The singular docility of the Dutch people, combined with the simplicity, honesty, and practical sagacity of the earlier burgher patricians, made the defects of the system tolerable for a longer period than might have been expected; nor was it until theological dissensions had gathered to such intensity as to set the whole commonwealth aflame that the grave defects in the political structure could be fairly estimated.
It would be anticipating a dark chapter in the history of the United Provinces were the reader's attention now to be called to those fearful convulsions. The greatest reserve is therefore necessary at present in alluding to the subject.
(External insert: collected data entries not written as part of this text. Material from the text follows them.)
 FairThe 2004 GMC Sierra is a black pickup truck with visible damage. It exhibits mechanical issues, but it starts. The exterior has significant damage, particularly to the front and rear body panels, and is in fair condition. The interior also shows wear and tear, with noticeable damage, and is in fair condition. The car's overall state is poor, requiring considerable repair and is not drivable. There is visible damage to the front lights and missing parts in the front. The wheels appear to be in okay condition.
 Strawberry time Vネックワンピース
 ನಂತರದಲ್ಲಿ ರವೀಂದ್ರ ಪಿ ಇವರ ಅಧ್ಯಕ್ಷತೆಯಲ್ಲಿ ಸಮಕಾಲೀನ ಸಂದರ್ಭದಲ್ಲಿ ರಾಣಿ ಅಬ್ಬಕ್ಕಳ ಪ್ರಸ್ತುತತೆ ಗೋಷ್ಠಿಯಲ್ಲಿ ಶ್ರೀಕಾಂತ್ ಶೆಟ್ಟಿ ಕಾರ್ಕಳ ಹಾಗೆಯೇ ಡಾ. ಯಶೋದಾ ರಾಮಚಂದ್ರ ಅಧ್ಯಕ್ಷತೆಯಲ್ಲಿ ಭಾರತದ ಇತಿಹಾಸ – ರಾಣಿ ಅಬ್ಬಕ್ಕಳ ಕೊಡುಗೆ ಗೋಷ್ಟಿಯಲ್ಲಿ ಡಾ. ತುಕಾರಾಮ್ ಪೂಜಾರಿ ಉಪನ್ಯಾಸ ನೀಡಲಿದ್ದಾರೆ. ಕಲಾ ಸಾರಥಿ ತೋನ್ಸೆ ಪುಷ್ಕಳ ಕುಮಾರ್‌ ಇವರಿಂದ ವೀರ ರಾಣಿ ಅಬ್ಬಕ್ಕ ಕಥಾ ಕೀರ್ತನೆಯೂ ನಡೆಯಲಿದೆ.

It was not to be expected that an imperious, energetic but somewhat limited nature like that of Barneveld should at that epoch thoroughly comprehend the meaning of religious freedom. William the Silent alone seems to have risen to that height. A conscientious Calvinist himself, the father of his country would have been glad to see Protestant and Papist, Lutheran, Presbyterian, and Anabaptist living together in harmony and political equality. This was not to be. The soul of the immortal prince could not inspire the hearts of his contemporaries. That Barneveld was disposed to a breadth of religious sympathy unusual in those days, seems certain. It was inevitable, too, that the mild doctrines of Arminius should be more in harmony with such a character than were the fierce dogmas of Calvin. But the struggle, either to force Arminianism upon the Church which considered itself the established one in the Netherlands, or to expel the Calvinists from it, had not yet begun; although the seeds of religious persecution of Protestants by Protestants had already been sown broadcast.
The day was not far distant when the very Calvinists, to whom, more than to any other class of men, the political liberties of Holland, England, and America are due, were to be hunted out of churches into farm-houses, suburban hovels, and canal-boats by the arm of provincial sovereignty and in the name of state-rights, as pitilessly as the early reformers had been driven out of cathedrals in the name of emperor and pope; and when even those refuges for conscientious worship were to be denied by the dominant sect. And the day was to come, too, when the Calvinists, regaining ascendency in their turn, were to hunt the heterodox as they had themselves been hunted; and this, at the very moment when their fellow Calvinists of England were driven by the Church of that kingdom into the American wilderness.